Being pregnant with more than one child makes the placenta and uterus larger and heavier than usual. This problem can increase the chance of severe vaginal bleeding after delivery and put the mother’s life at risk. Therefore, special attention should be given to mothers who give birth to more than one fetus to prevent postpartum hemorrhage.

FAQs about Multiple Pregnancies with IVF

FAQs about Multiple Pregnancies with IVF

1) Can my age affect multiple pregnancies with IVF?

Studies have revealed that the lower the maternal age, the higher the chance of multiple IVF births. 

2) What are the chances of having twins in IVF?

According to the American Society for Reproductive Medicine, one-third of IVF pregnancies are multiples.

3) Can you request twins with ICSI?

Yes, legally, you can ask for transferring more than one embryo in ICSI and IVF, but all fertility specialists recommend not doing so.
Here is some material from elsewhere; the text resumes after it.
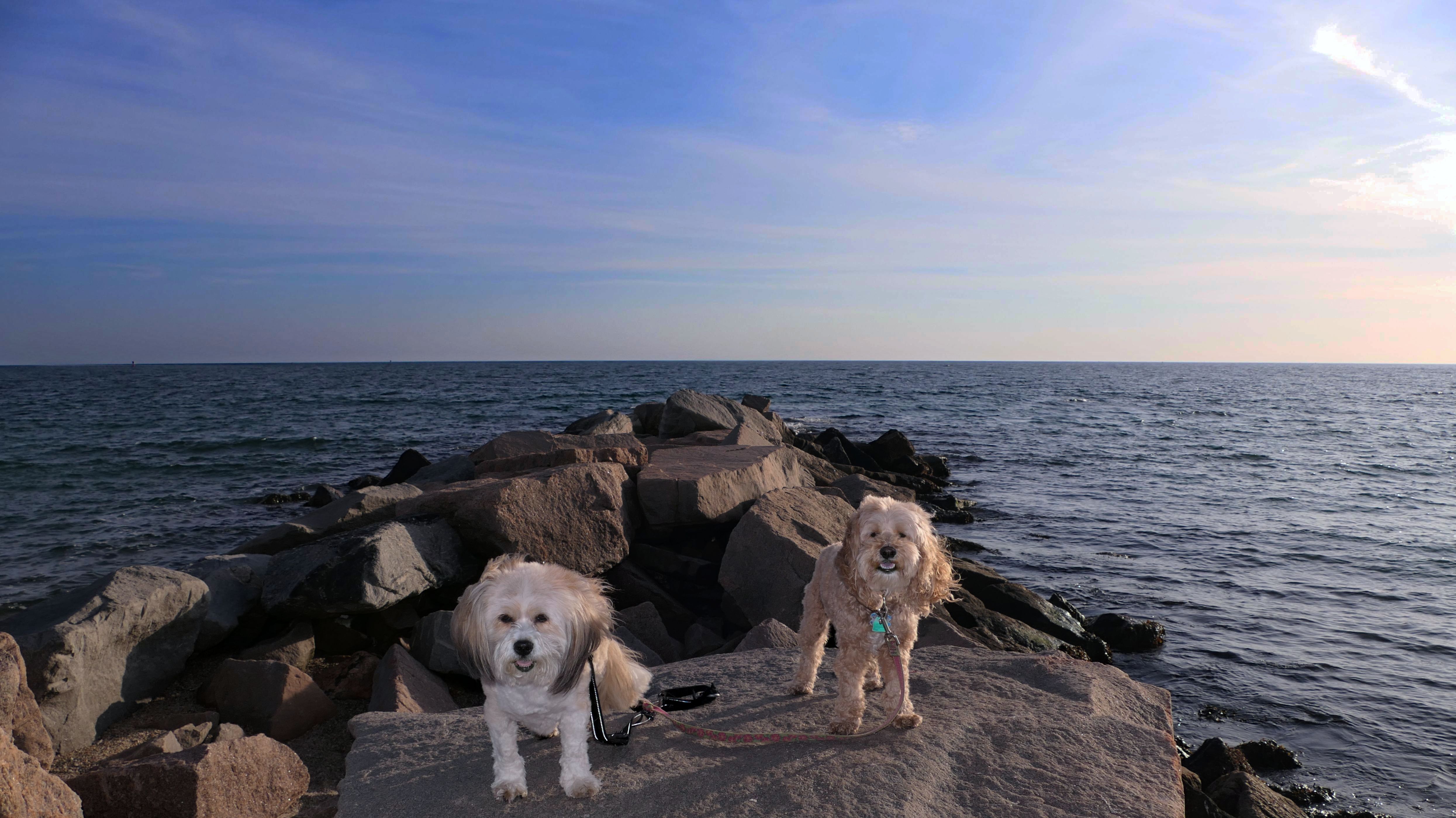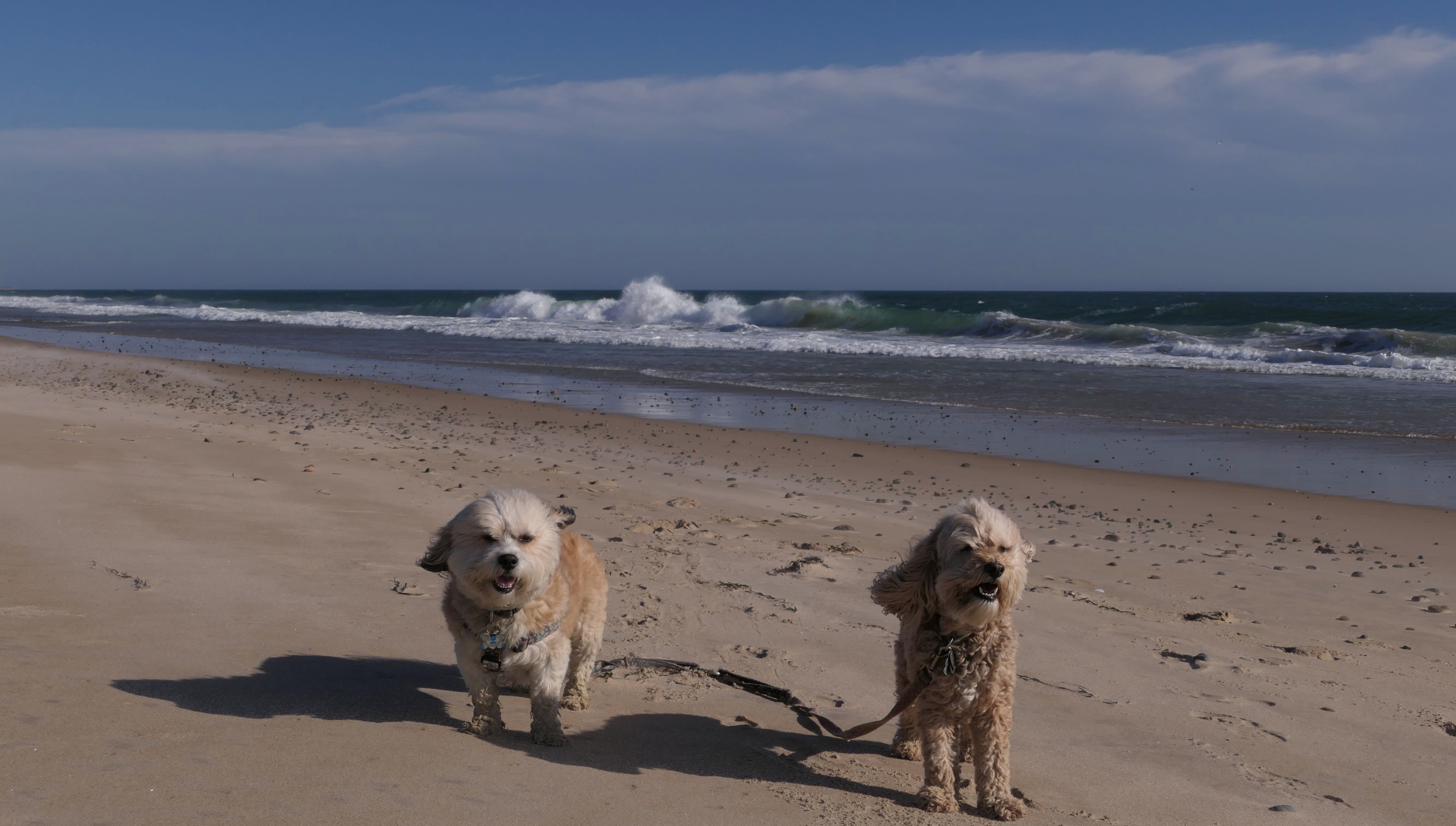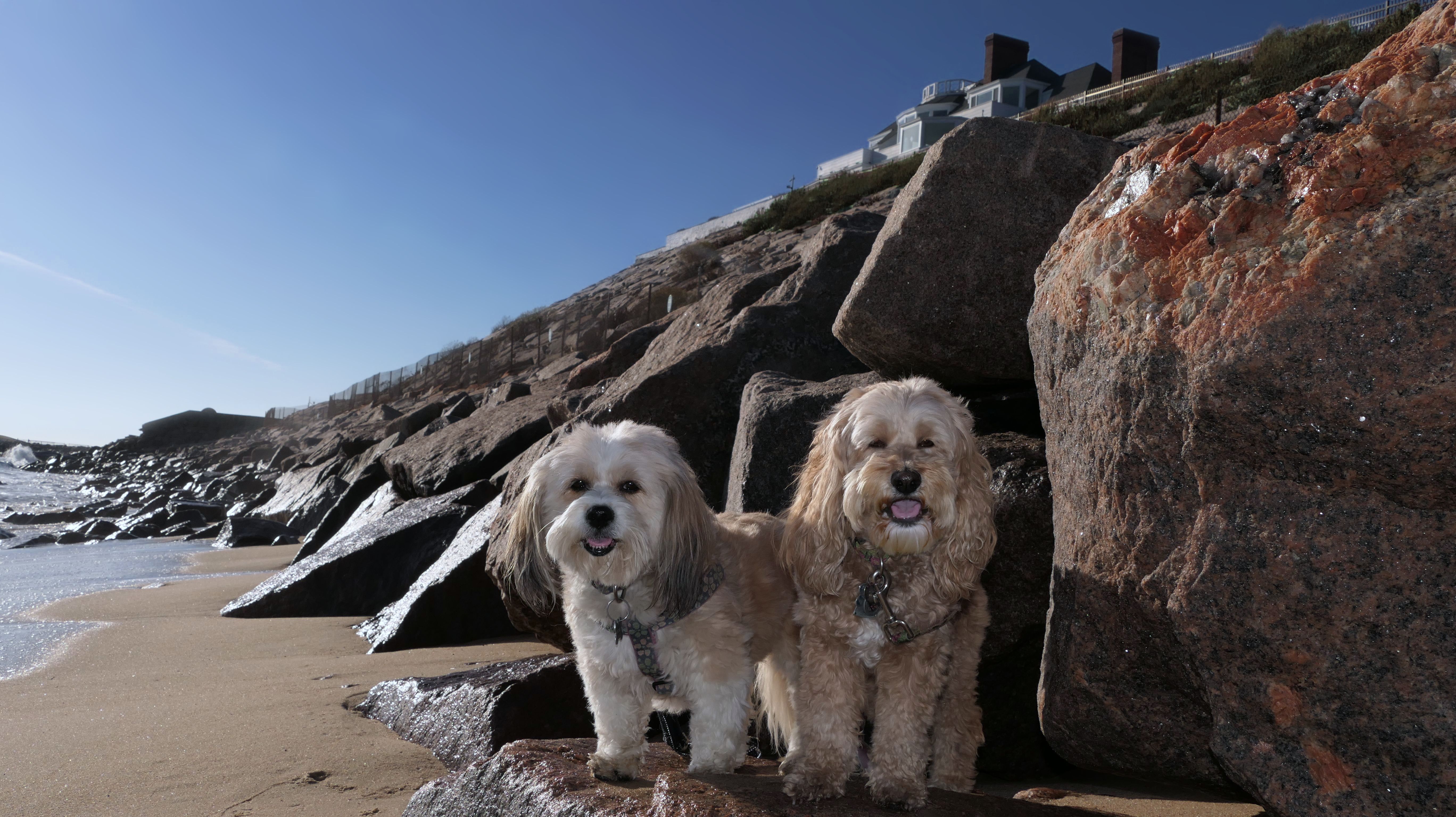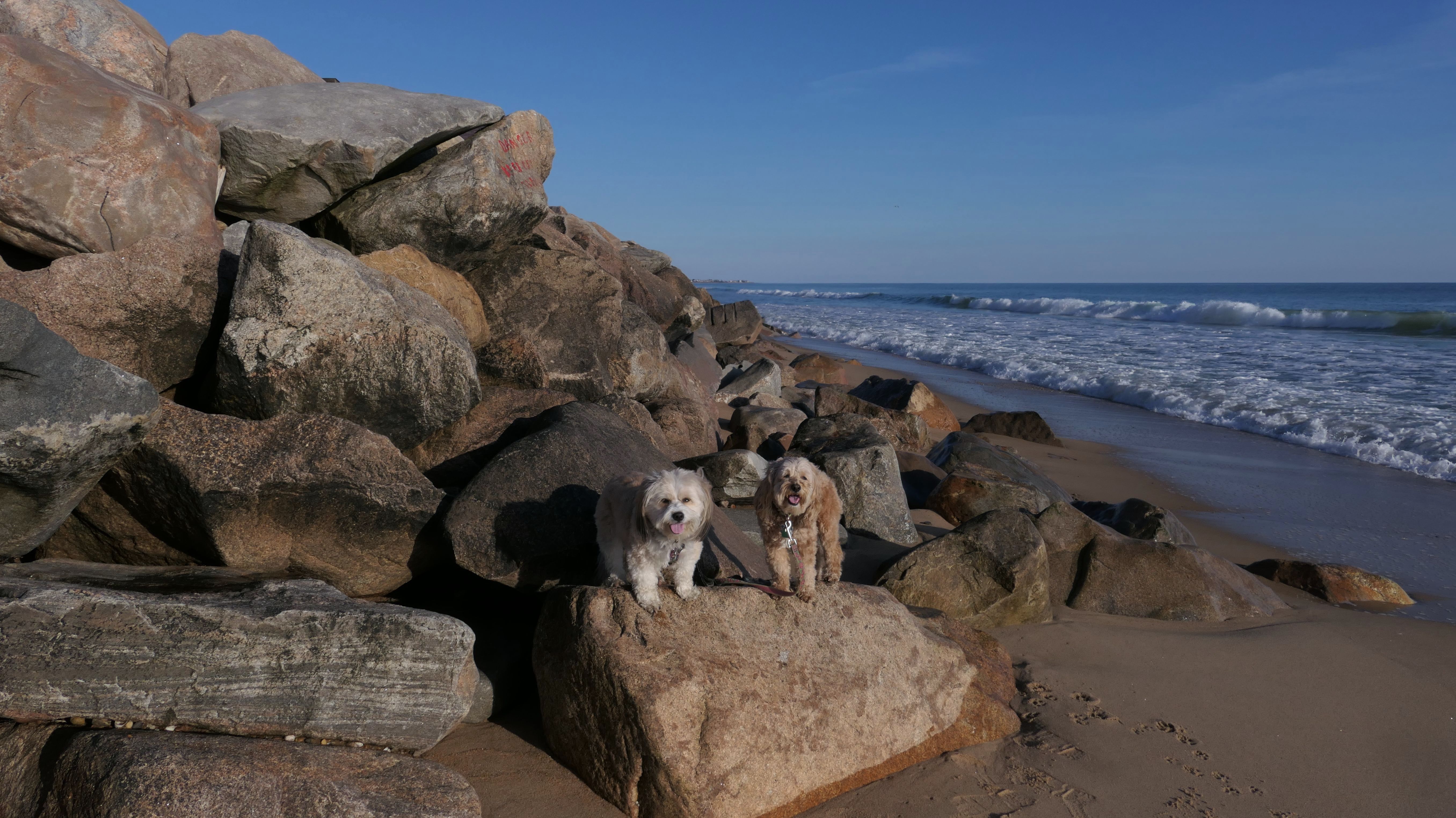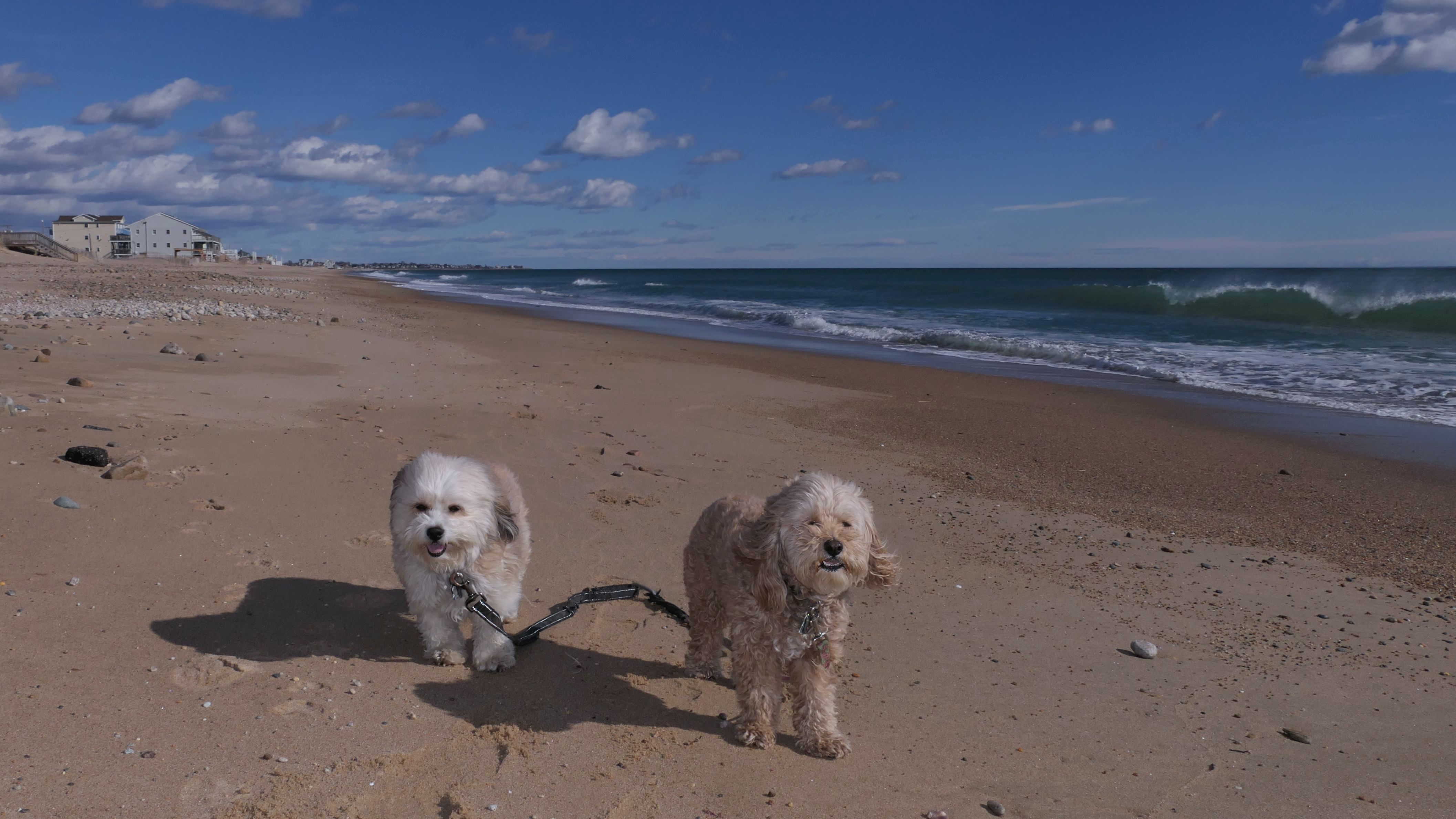 We had record temperatures inland, approaching the mid-80's, so we of course went to a beach! I didn't feel like driving to New Jersey for the 3rd straight day, so we made a return visit to Misquamicut. It wasn't as warm here, probably low to mid 70's, but very breezy. I suspect the wind kept people away. We explored some of the surrounding area before walking the beach. The waves were really ripping here. Mandy kept trying to walk in the water, but Lexi would pull her away. It was a fun adventure, despite the windy conditions.

Multiple pregnancies are considered a side effect of fertility drugs and ICSI because they can negatively affect the mother and babies’ health.

IVF Injections Side Effects
Read more: Side Effects of IVF Injections: How to Deal?

4) Does ICSI affect the gender of twins?

 Based on the latest findings, women who conceive with ICSI or IVF are more likely to give birth to twin girls. 

5) Can I have twins with one embryo transfer?

Although there is a small chance of having identical twins with IVF, it is still possible that a single embryo splits and forms two babies.